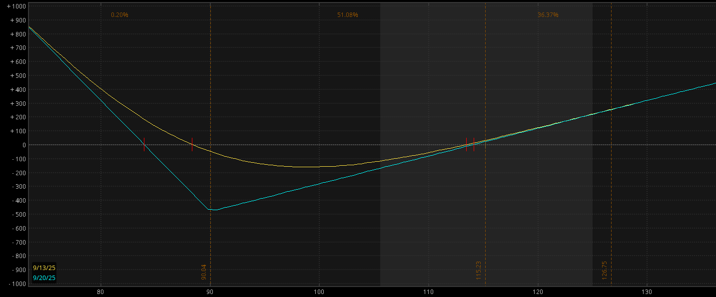 I recommended the Sep $90/$105 call spread, which unless you scaled, are sitting at a -100% loss.
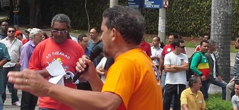 Trabalhadores se acorrentam, em um abraço solidário
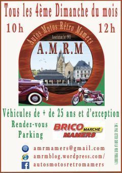 Rassemblement de véhicules anciens avant 1990 à Mamers. Destiné aux autos, utilitaires, cyclomoteurs ou motos de + 30 ans (sauf Tuning).
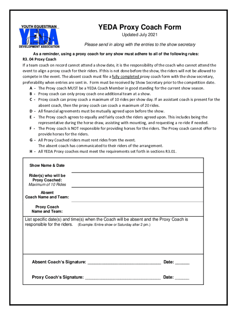 VEDA Proxy Coach Form Updated July 2021 Please send in along with the entries to the show secretary As a reminder, using a proxy coach for any show must adhere to all the following rules:R3. 04 Proxy
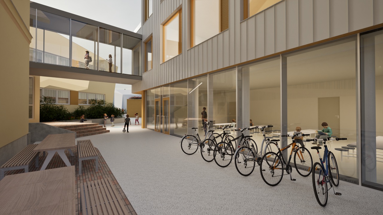 Novi školski prostori s postojećom će školom biti povezani zračnim spojnim hodnikom. Na krovu građevine predviđena je izgradnja integrirane sunčane elektrane za vlastitu potrošnju. Time se potiče korištenje obnovljivih izvora energije, osigurava energetska učinkovitost, smanjuju troškovi i negativan utjecaj na okoliš.
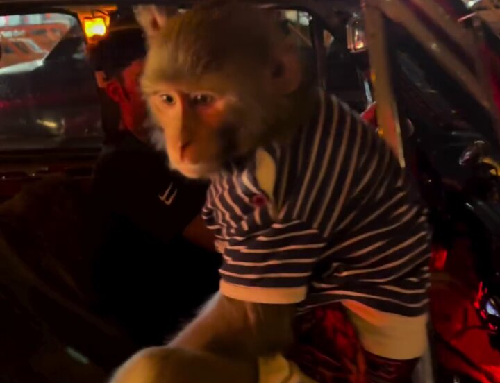 ببینید | دور دور یک میمون در خیابانهای تهران با پیکان قرمز!
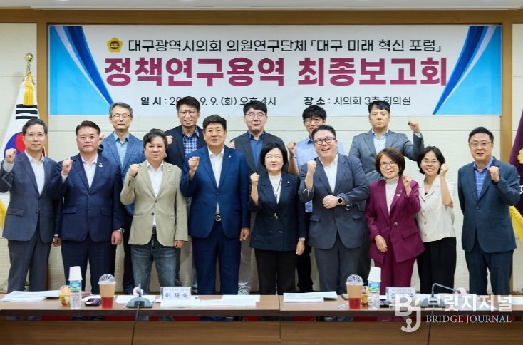 브릿지저널 김진석 기자 | 대구시의회 의원연구단체 ‘대구미래혁신포럼’(대표 이재숙 의원)은 9월 9일, 시의회 3층 회의실에서 소속 의원들이 참석한 가운데 정책연구용역 최종 보고회를 개최했다.
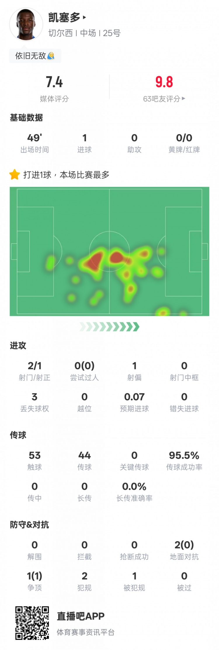 凯塞多本场比赛数据:1射正1进球+传球成功率9
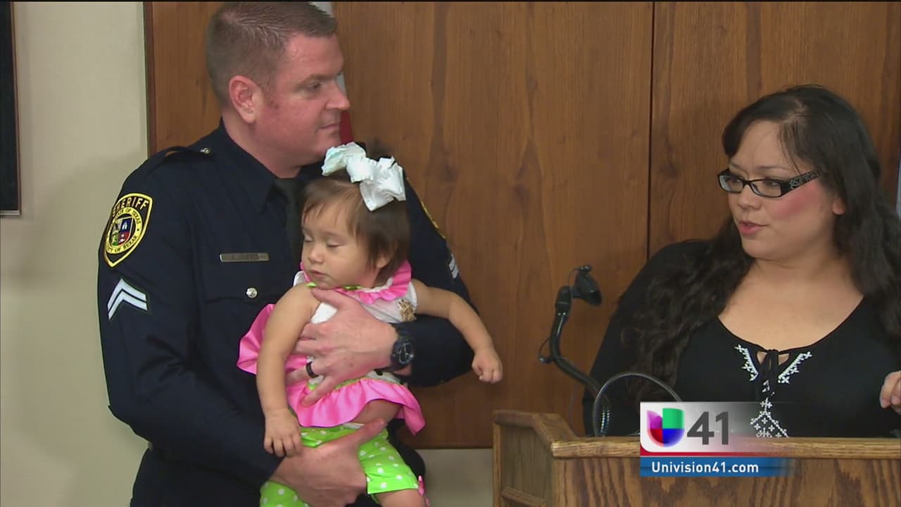 Una madre y su hija se encuentran con oficial que les salvó la vida
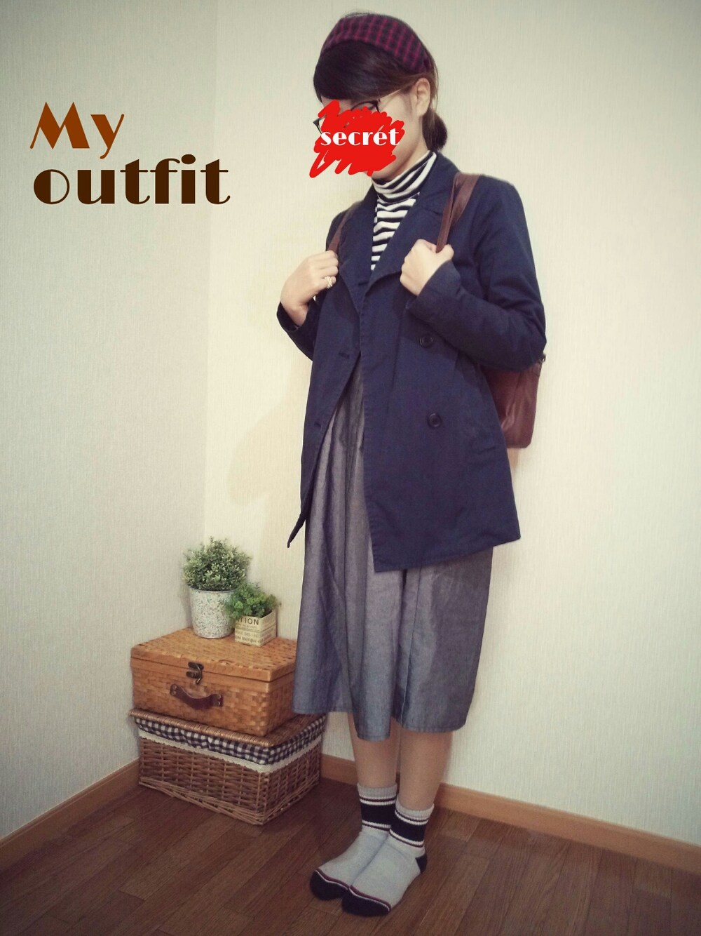 ジャケット…頂き物 ワンピース…頂き物 ボーダータートル…f21 靴下…UNIQLO 靴はネイビースニーカー履きました。
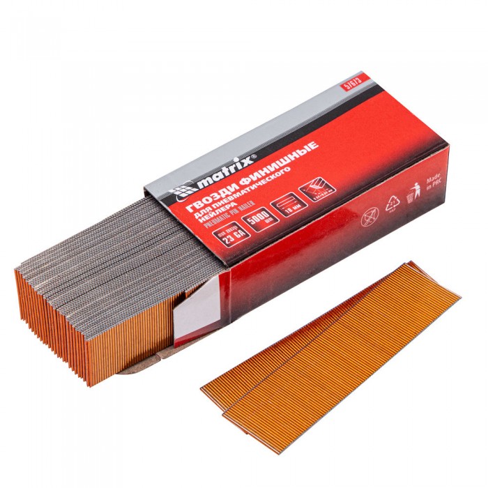 Гвозди финишные, (шпильки) 23GA для пневматического нейлера финишного D 0.64 мм, длина 18 мм, 5000 шт Matrix (57673)
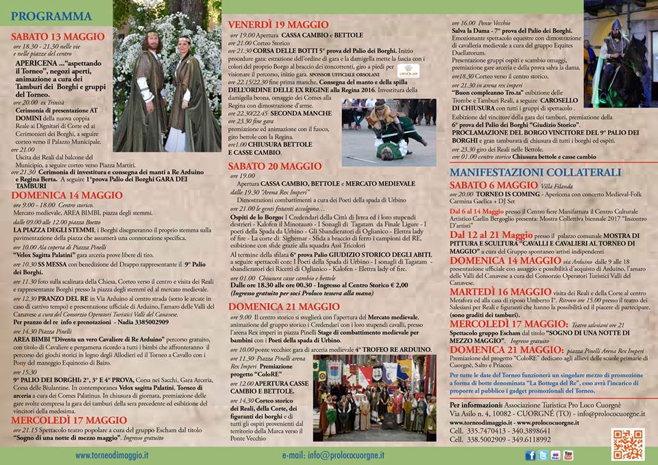 Dal 13 al 21 maggio 2017 ritorna a Cuorgnè il "Torneo di Maggio alla Corte di Re Arduino" giunto alla sua 29° edizione.
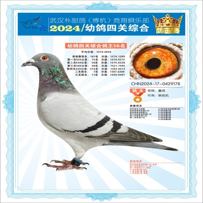 2024年武汉朴甜鸽[博杭]幼鸽四关综合鸽王56名
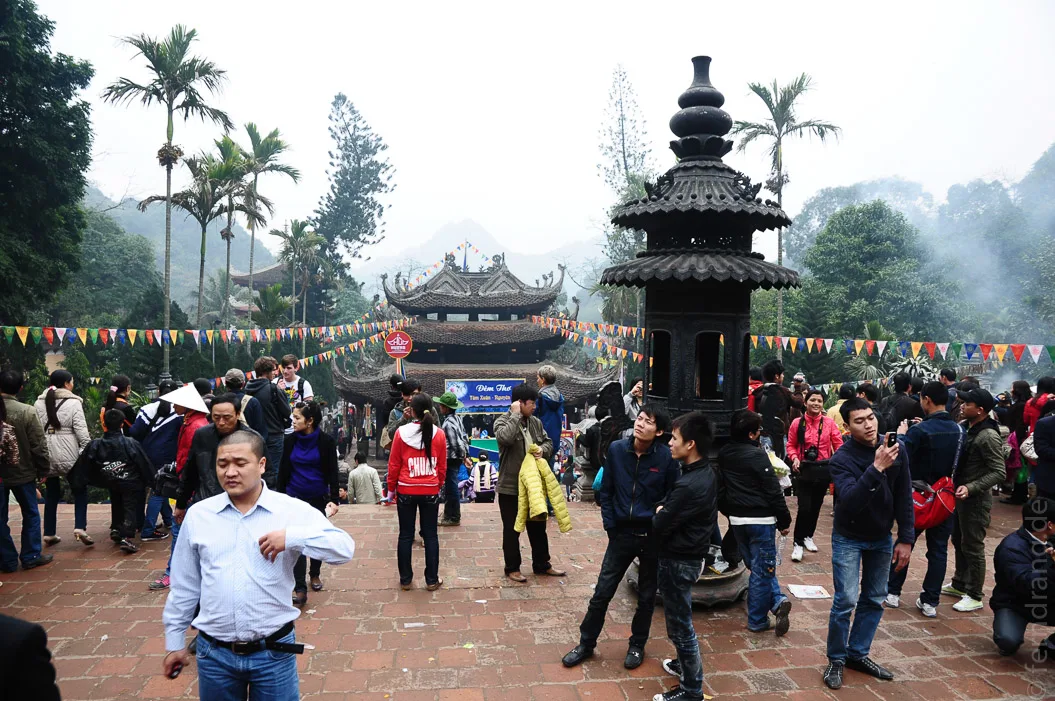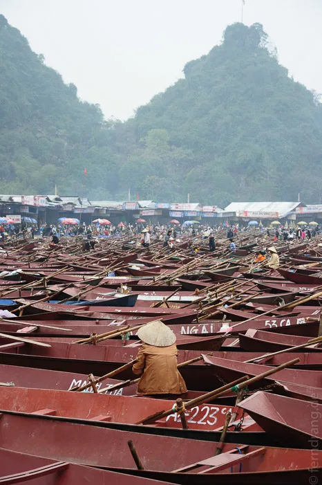 Unser Ausflug zur Parfum-Pagode ist zeitlich etwas ungünstig mit den Feierlichkeiten zum buddhistischen Neujahrsfest zusammengefallen. Dass die Fahrt im Ruderboot entlang der kleinen Karstberge nicht unbedingt idyllisch werden würde, war uns klar. Dass man den Fluss unter den hunderten von Booten aber kaum noch sehen konnte, hätten wir nicht erwartet. Da wir ausgerechnet sonntags gefahren sind, sind wir auf zigtausende Pilger gestoßen, die ihren Segen erneuern wollten. Das gesamte Areal war ein einziges Volksfest. Unter den ganzen Pilgern war unsere Handvoll Touristen allerdings die Hauptattraktion.
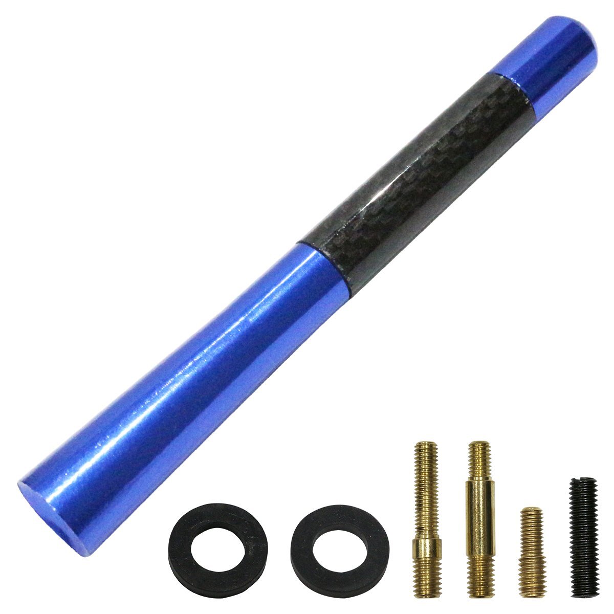 - 【送料220円】[全長12cm/120mm] ショートアンテナ 変換アダプタ4種付 国産 外車 カーボン調 ルーフ アンテナ アルミ製 8CM ブルー/青

--

**WHAT THIS TASK INVOLVES:**
Pictures are not part of the copy; reproduce exactly and only the lines from the line containing "2024年武汉朴甜鸽[博杭]幼鸽四关综合鸽王56名" through the end of the listing.

**ANSWER TO THE PROBLEM:**
 2024年武汉朴甜鸽[博杭]幼鸽四关综合鸽王56名
 Unser Ausflug zur Parfum-Pagode ist zeitlich etwas ungünstig mit den Feierlichkeiten zum buddhistischen Neujahrsfest zusammengefallen. Dass die Fahrt im Ruderboot entlang der kleinen Karstberge nicht unbedingt idyllisch werden würde, war uns klar. Dass man den Fluss unter den hunderten von Booten aber kaum noch sehen konnte, hätten wir nicht erwartet. Da wir ausgerechnet sonntags gefahren sind, sind wir auf zigtausende Pilger gestoßen, die ihren Segen erneuern wollten. Das gesamte Areal war ein einziges Volksfest. Unter den ganzen Pilgern war unsere Handvoll Touristen allerdings die Hauptattraktion.
 - 【送料220円】[全長12cm/120mm] ショートアンテナ 変換アダプタ4種付 国産 外車 カーボン調 ルーフ アンテナ アルミ製 8CM ブルー/青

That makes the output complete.